**Directions for this task:**
Take the lines below beginning at the line that has "Spazzola per animali" and stopping after the line that has "2021年3月25日下午,b", and print them exactly as they are, with no other lines.

**Given data:**

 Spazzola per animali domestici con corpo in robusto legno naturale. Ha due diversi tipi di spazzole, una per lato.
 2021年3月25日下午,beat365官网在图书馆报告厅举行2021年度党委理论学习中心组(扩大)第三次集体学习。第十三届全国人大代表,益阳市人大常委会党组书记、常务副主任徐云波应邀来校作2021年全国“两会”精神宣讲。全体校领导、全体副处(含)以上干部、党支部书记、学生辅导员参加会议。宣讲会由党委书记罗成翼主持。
...
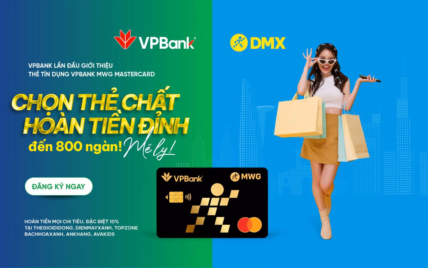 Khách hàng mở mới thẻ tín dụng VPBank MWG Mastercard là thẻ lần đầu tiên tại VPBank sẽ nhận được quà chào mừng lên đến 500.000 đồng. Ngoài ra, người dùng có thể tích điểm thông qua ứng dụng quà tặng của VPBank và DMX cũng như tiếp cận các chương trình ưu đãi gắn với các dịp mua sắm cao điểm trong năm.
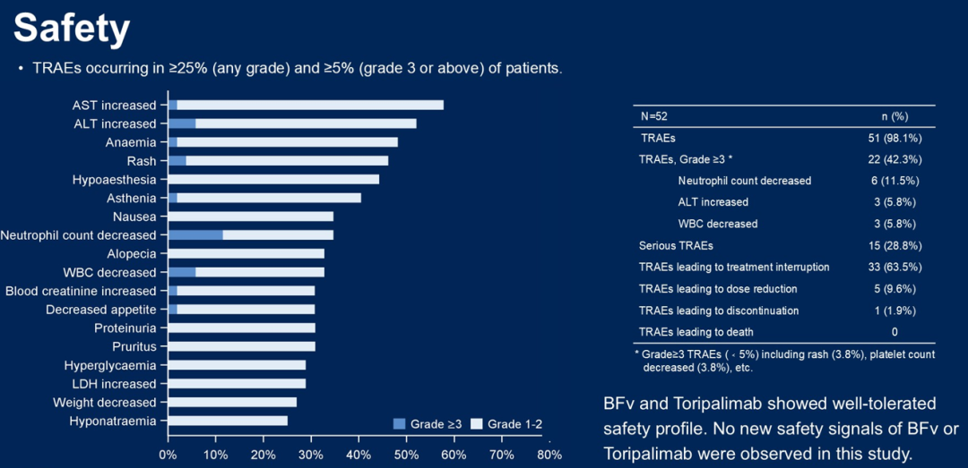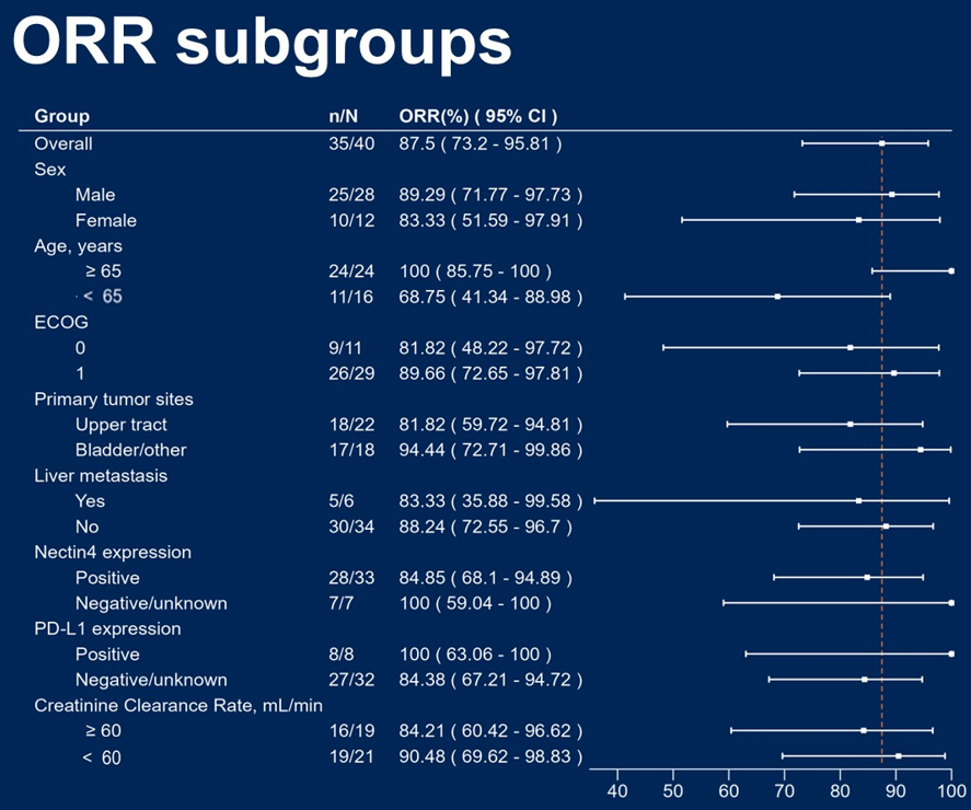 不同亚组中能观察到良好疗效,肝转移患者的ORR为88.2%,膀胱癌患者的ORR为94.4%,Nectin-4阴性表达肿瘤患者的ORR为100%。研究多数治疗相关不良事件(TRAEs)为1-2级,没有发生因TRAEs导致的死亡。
==
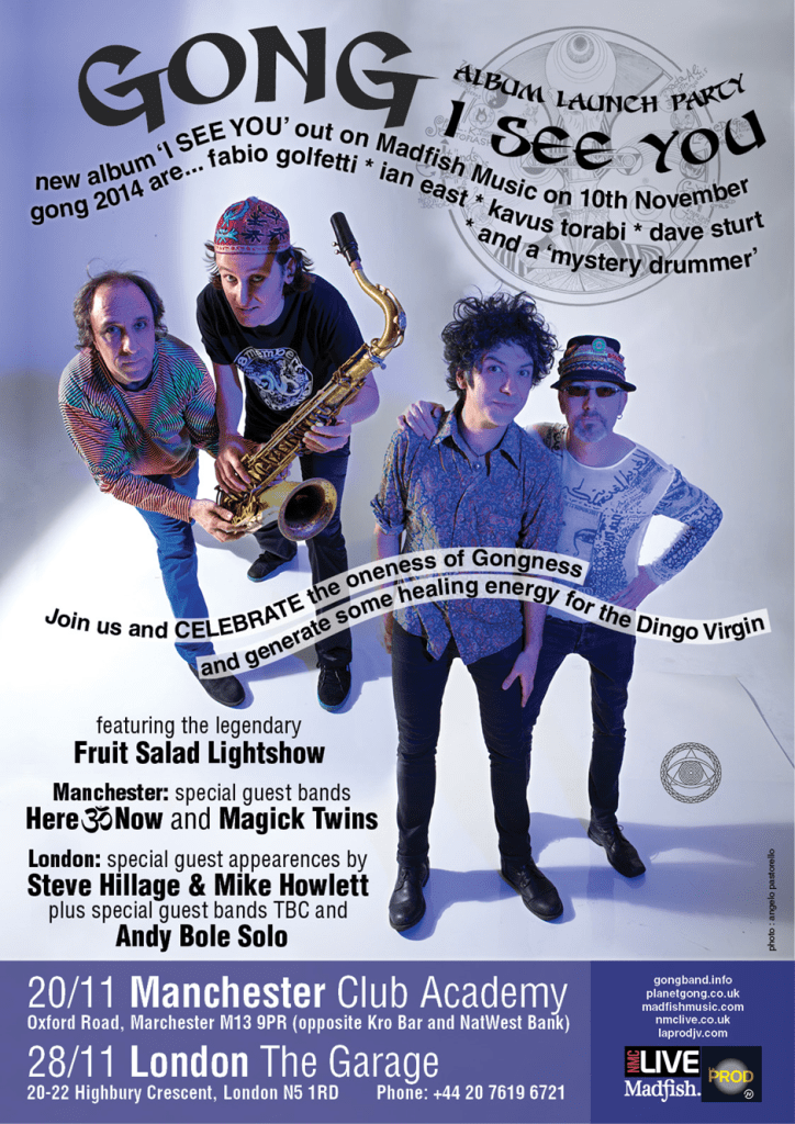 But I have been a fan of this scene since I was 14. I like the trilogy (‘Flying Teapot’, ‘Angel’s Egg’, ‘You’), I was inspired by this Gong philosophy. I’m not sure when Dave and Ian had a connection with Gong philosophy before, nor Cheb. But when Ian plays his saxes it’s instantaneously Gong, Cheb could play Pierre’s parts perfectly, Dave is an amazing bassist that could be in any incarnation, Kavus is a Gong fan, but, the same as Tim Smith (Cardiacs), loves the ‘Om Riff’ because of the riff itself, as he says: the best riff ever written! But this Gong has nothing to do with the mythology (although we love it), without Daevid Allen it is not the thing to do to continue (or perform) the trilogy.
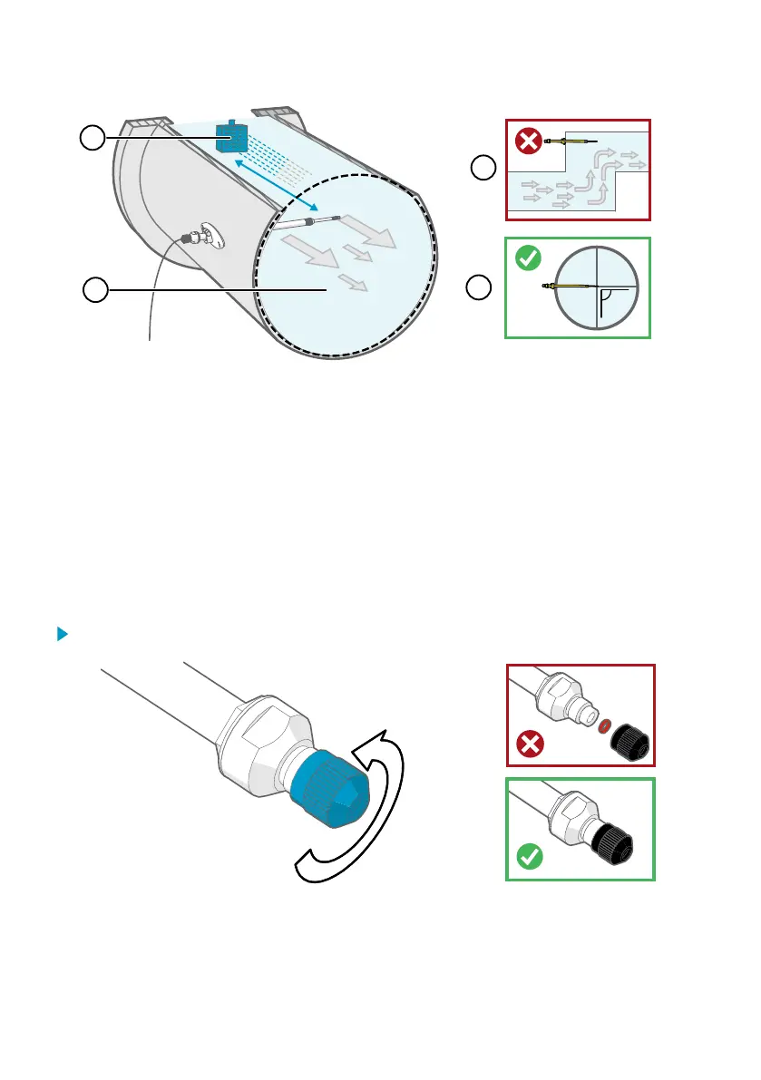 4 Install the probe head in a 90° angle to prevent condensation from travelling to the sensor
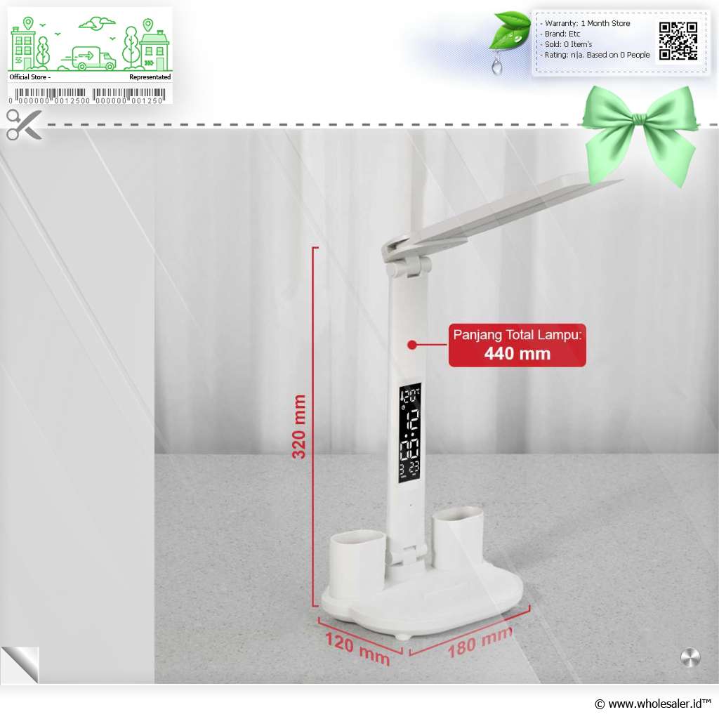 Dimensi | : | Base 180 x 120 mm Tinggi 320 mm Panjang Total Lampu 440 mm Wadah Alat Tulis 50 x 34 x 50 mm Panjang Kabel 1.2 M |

**Solved problem:**
 Spazzola per animali domestici con corpo in robusto legno naturale. Ha due diversi tipi di spazzole, una per lato.
 2021年3月25日下午,beat365官网在图书馆报告厅举行2021年度党委理论学习中心组(扩大)第三次集体学习。第十三届全国人大代表,益阳市人大常委会党组书记、常务副主任徐云波应邀来校作2021年全国“两会”精神宣讲。全体校领导、全体副处(含)以上干部、党支部书记、学生辅导员参加会议。宣讲会由党委书记罗成翼主持。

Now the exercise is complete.